Topology and data analysis: Gunnar Carlsson and Ayasdi
A few months ago, I read in Wired [Data-Visualization Firm’s New Software Autonomously Finds Abstract Connections] and Guardian [New big data firm to pioneer topological data analysis] about Ayasdi, the new data visualization & analytics company founded by professor Gunnar Carlsson at Stanford that has received millions of funding from Khosla Ventures, DARPA and other places. Today, I had the opportunity to hear Carlsson speak at the Royal Institute of Technology (KTH) in Stockholm about the mathematics underlying Ayasdi’s tools. I was very eager to hear how topology (Carlsson’s specialty) connects to data visualization, and about their reported success in classifying tumor samples from patients [Topology based data analysis identifies a subgroup of breast cancers with a unique mutational profile and excellent survival].
The talk was very nice. Actually there were two talks – one for a more “general audience” (which, in truth, probably consisted mostly of hardcore maths or data geeks) and one that went much deeper into the mathematics – and completely over my head.
One thing that intrigued me was that almost all of his examples were taken from biology: disease progression, cell cycle gene expression, RNA hairpin folding, copy number variations, mapping genotypes to geographic regions … the list goes on. I suppose it’s simply because Carlsson happens to work a lot with biologists at Stanford, but could it be that biology is an especially fertile area for innovation in data analysis? As Carlsson highlights in a review paper [Topology and Data], data sets from high-throughput biology often have many dimensions that are superfluous or have unknown significance, and there is no good understanding of which distance measures between data points that should be used. That is one reason to consider methods that do not break down when the scale is changed – such as topological methods, which are insensitive to the actual choice of metrics.
(Incidentally, I think there is a potential blog post waiting to be written about how many famous data scientists have come out of a biology/bioinformatics background. Names like Pete Skomoroch, Toby Segaran and Michael Driscoll come to mind, and those were just the ones I thought of instantly.)
Another nice aspect of the talk was that it was no sales pitch for Ayasdi (the company was hardly even mentioned) but more of a bird’s eye view of topology and its relation to clustering and visualization. In my (over)simplified understanding, the methods presented represent the data as a network where the nodes, which are supposed to represent “connected components” in an ideal scenario, are clusters derived using, e.g., hierarchical clustering. However, there is no cutoff value defined for breaking the data into clusters, but instead the whole outcome of the clustering – its profile, so to speak – is encoded and used in the following analysis. Carlsson mentioned that one of the points of this sort of network representation of data was to “avoid breaking things apart”, as clustering algorithms do. He talked about classifying the data point clouds using “barcodes”, ensuring persistence across changes of scale. The details of how these barcodes were calculated were beyond my comprehension.
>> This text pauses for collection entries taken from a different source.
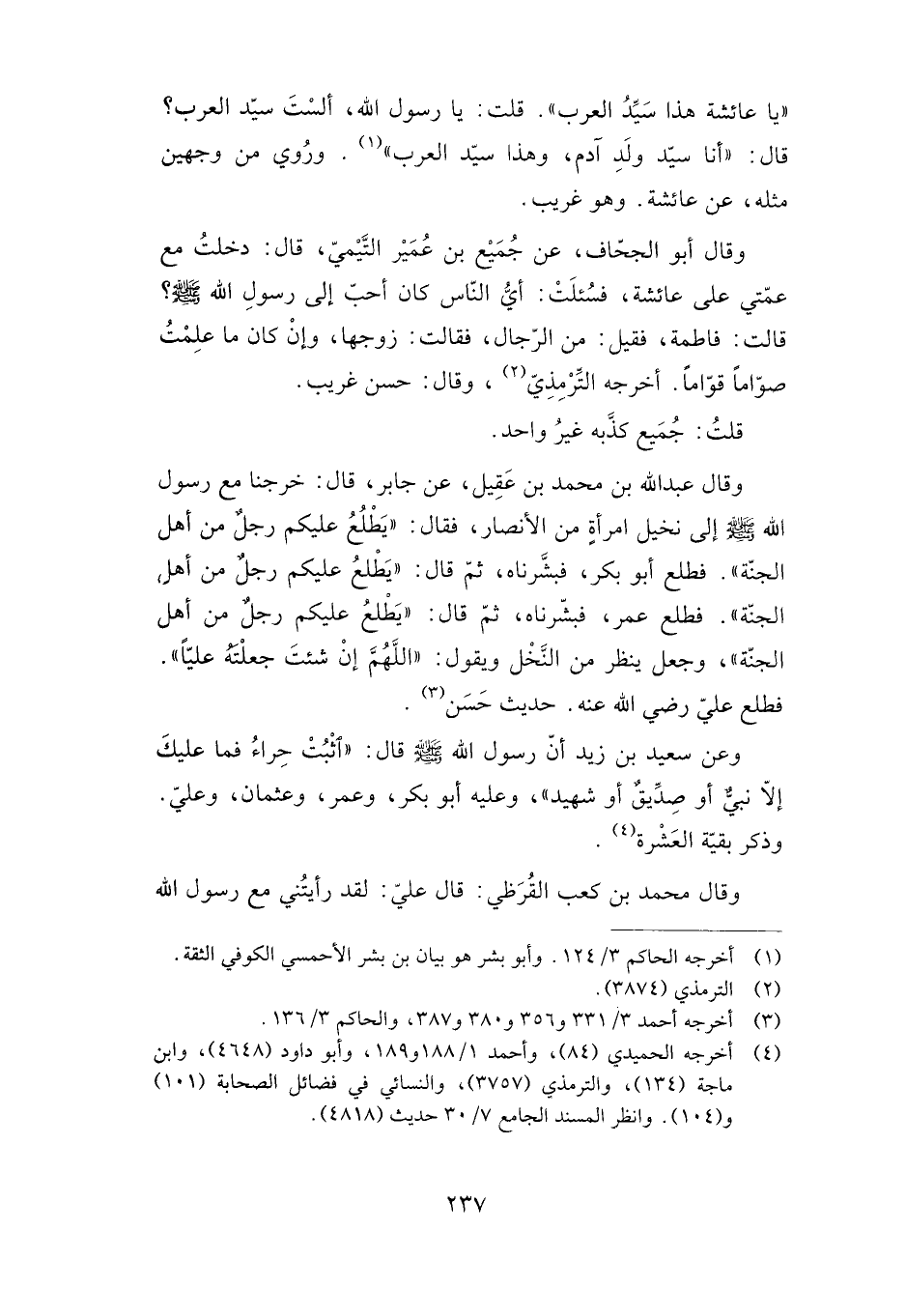 "يا عائشة هذا سيد العرب". قلت: يا رسول الله، ألست سيد العرب؟ قال: "أنا سيد ولد آدم، وهذا سيد العرب". وروي من وجهين مثله عن عائشة. وهو غريب.
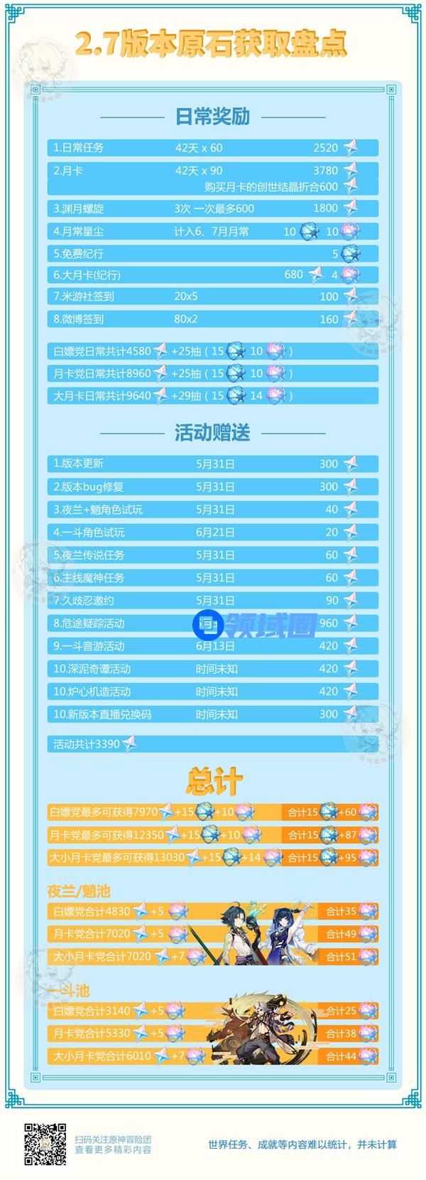 原神是一款开放式的大世界高自由度的冒险游戏,游戏有着超大的地图,后续还将不断更新,同时游戏中有着超多的游戏角色,总有一款是玩家所喜爱的。游戏中还有着众多的风景可以观赏,同时还设立了观景点,喜欢观看风景的玩家可以尝试去每个风景点打卡,还会有专属的风景截图哦。原神也是一款角色培养游戏,有着武器,圣遗物,天赋,命之座等多种培养方式,同时游戏也有着各种有趣的玩法,活动中可能会送出各种专属的小道具,使用这些小道具就能开启有趣的小游戏模式哦。原神中还有着尘歌壶玩法,玩家可以自由采集材料然后在尘歌壶中搭建属于自己的城市哦。接下来就为大家介绍一下原神2.7版本可以获得多少原石。
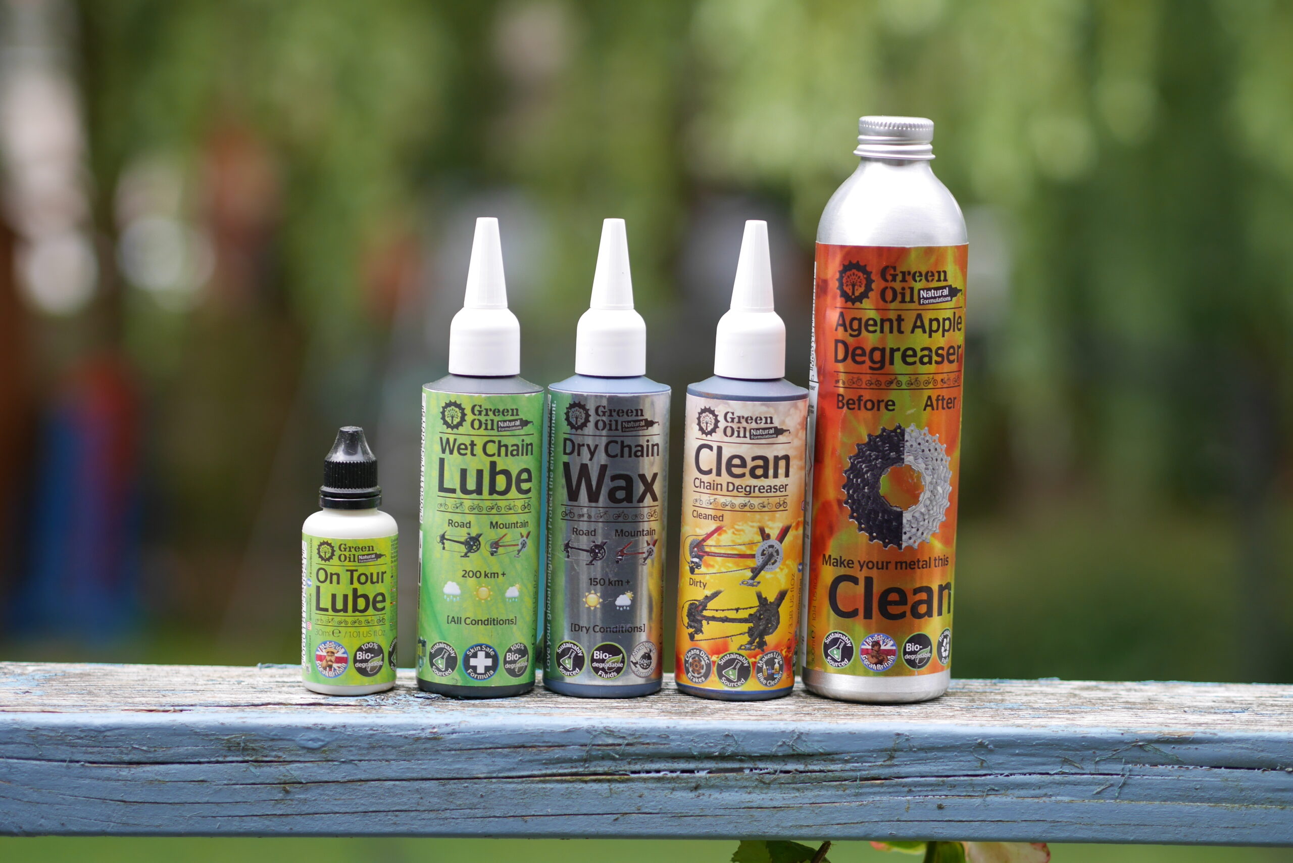 - Price: On Tour Lube £3.99, Wet Chain Lube £8.99, Dry Chain Wax £12.99, Clean Chain Degreaser £7.99, Agent Apple Degreaser £16.99
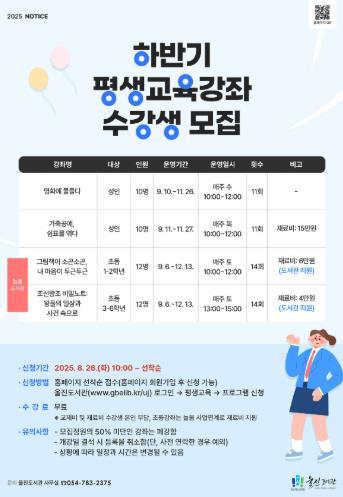 [한국제일신문, 김성옥기자] 경상북도교육청 울진도서관은 오는 9월부터 12월까지 ‘하반기 평생교육강좌 및 늘봄도서관’을 운영한다.
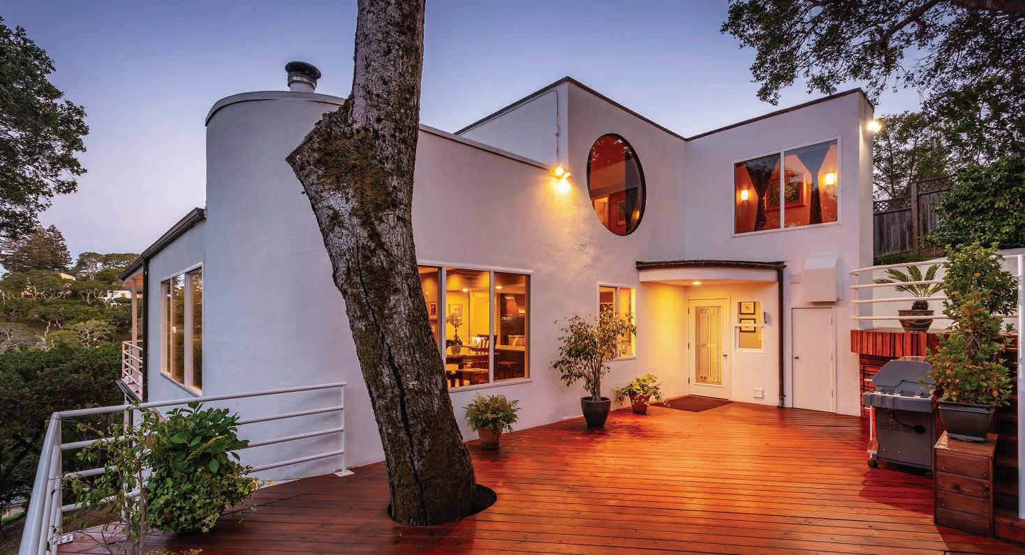 Outstanding Art Deco masterpiece on a .74-acre lot with spectacular views and over 5,000 square feet of sun-filled living space. Dramatic formal rooms with floor-to-ceiling, wraparound windows offer access to large decks showcasing the verdant canyon and breathtaking Bay views. Features include an office with built-ins, a temperaturecontrolled wine room, chef’s kitchen with a butler’s pantry, and an adjoining family room with walls of windows and a skylight ceiling. Beautiful detached guesthouse and amazing vibrant landscaping.
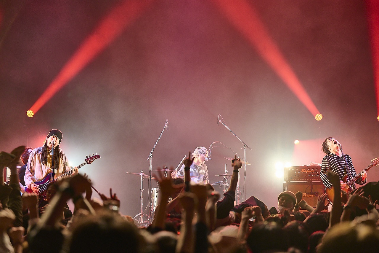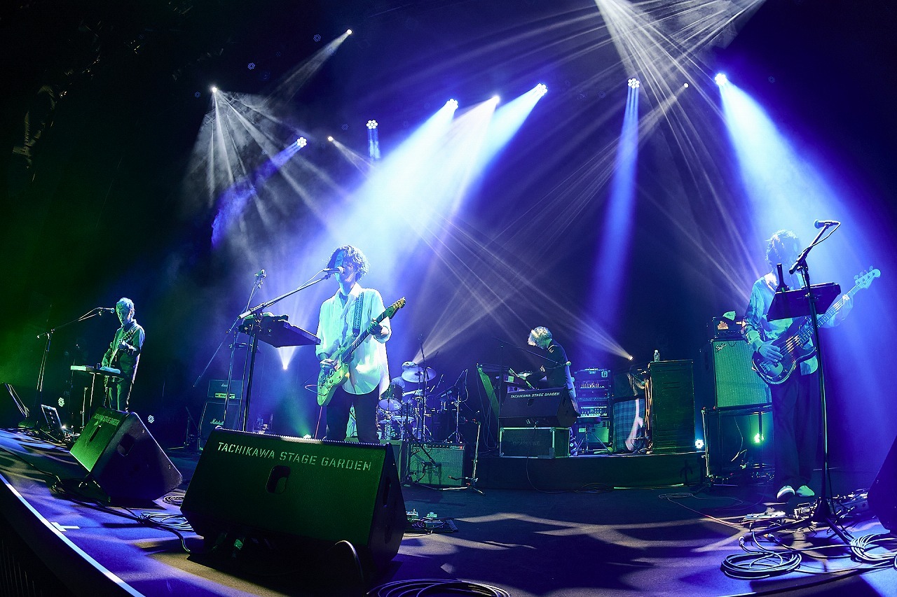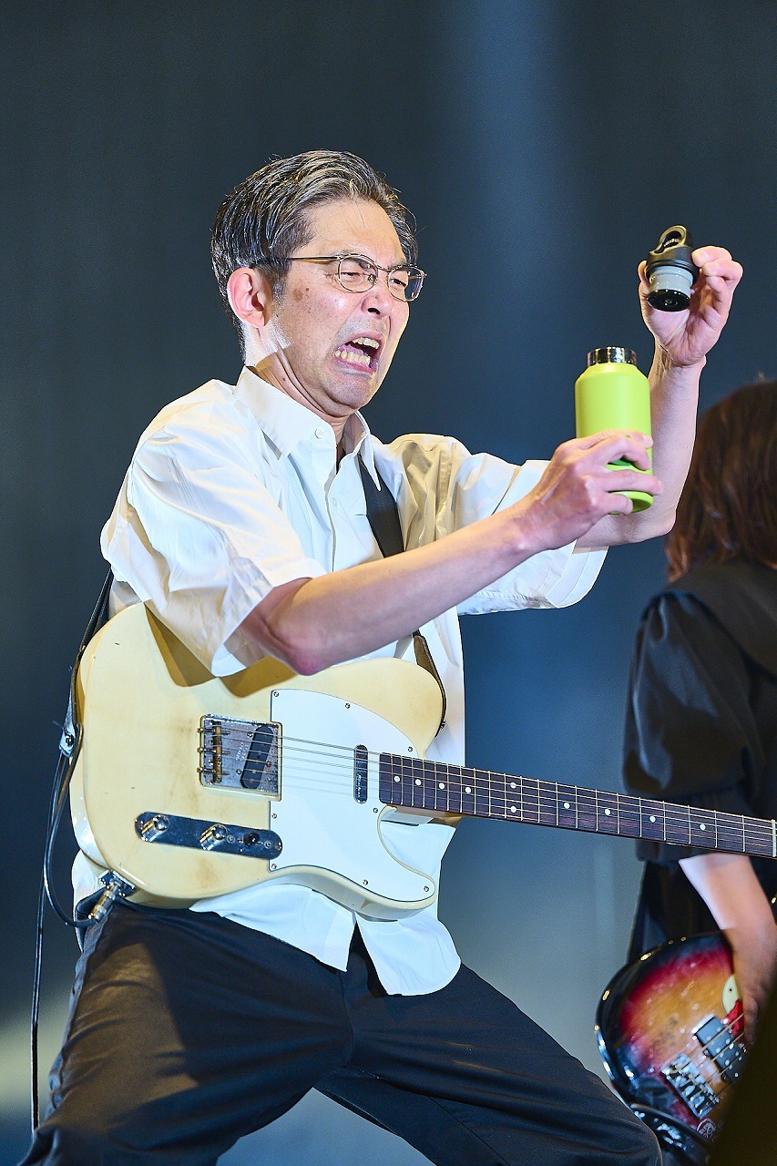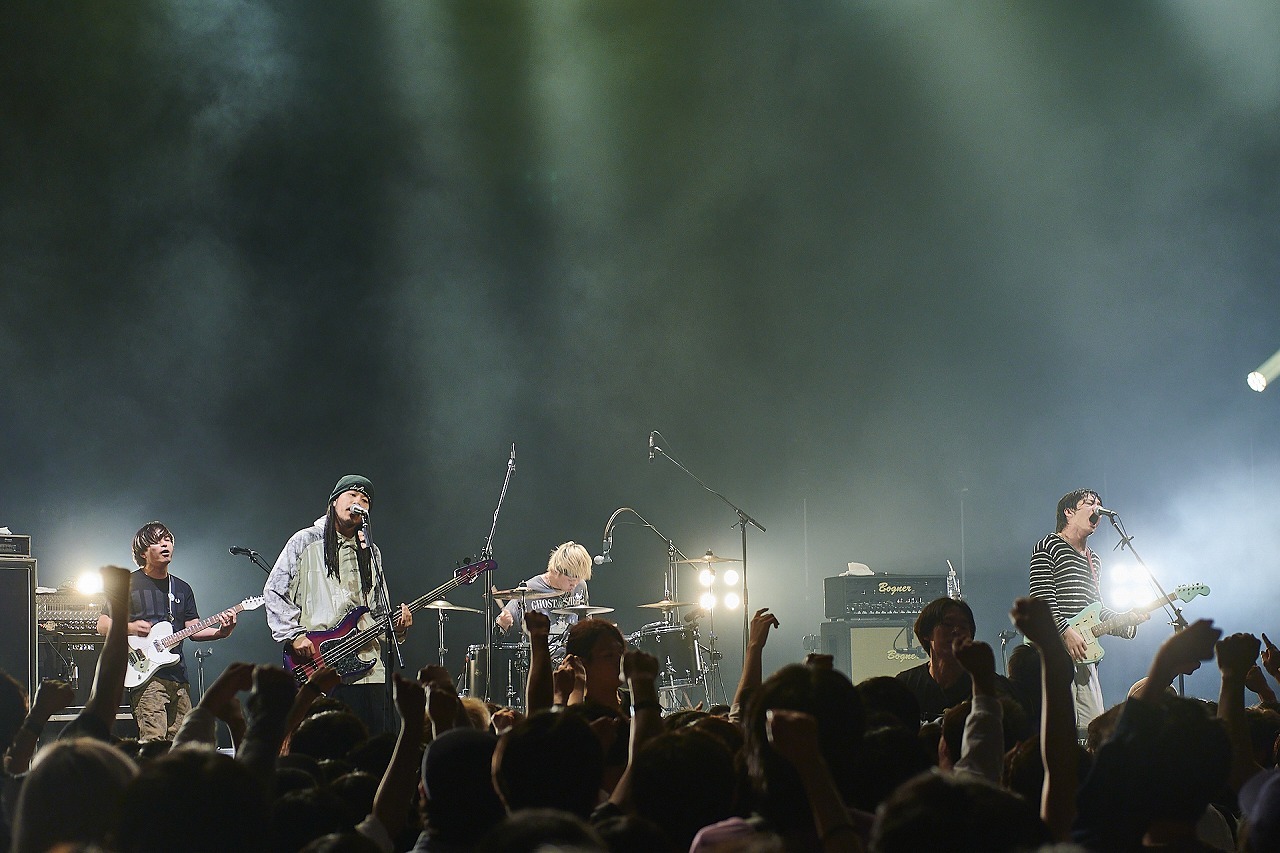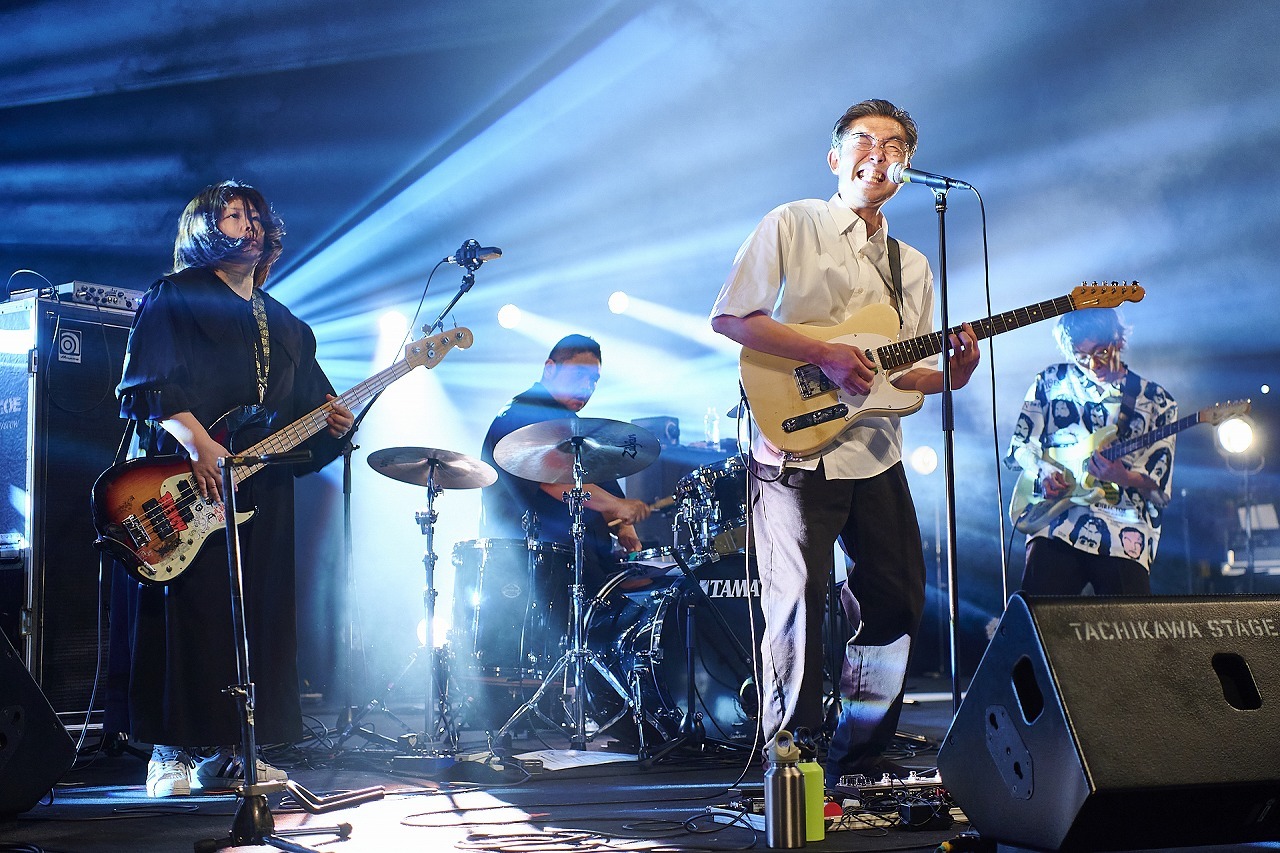 時刻は20時15分、ホールステージの2階席後方の仕切りが取り外され、ガーデンステージまで一望できるようになった。抜群の開放感とフェスの終わりのリラックスしたムードの中で登場したGRAPEVINEは、ビアフェスにぴったり1曲目「IPA」で観客の心をつかむと、ボーカル・田中和将が「早い出番で、そのあと飲むつもりだったのに(笑)」と言いながら、ベテランの貫禄と永遠のバンドキッズの両面を兼ね備えたしなやかな演奏で代表曲を次々と披露。エモ/パンク系が多かったこの日のラインナップの最後を締める、癒し効果抜群の演奏だ。2階席にはすやすやと眠る子供と、見守る親の姿も見える。最後に「今度は早い時間に呼んでくれ!」と笑顔のメッセージを残して、初日のトリという大役を見事に果たしてくれた。

Carlsson showed some examples of how visualizations created using his methods improved on hierarchical clustering dendrograms or PCA/MDS plots. He said that one of the advantages of the method is that it can identify small features in a large data set. These features would, he said, be “washed out” in PCA and not be picked up by standard clustering methods.
I look forward to learning more about topological data analysis. There are some (links to) papers at Ayasdi’s web site if you are interested, e.g.: Extracting insights from the shape of complex data using topology, Topology and Data (already mentioned above), Topological Methods for the Analysis of High Dimensional Data Sets and 3D Object Recognition.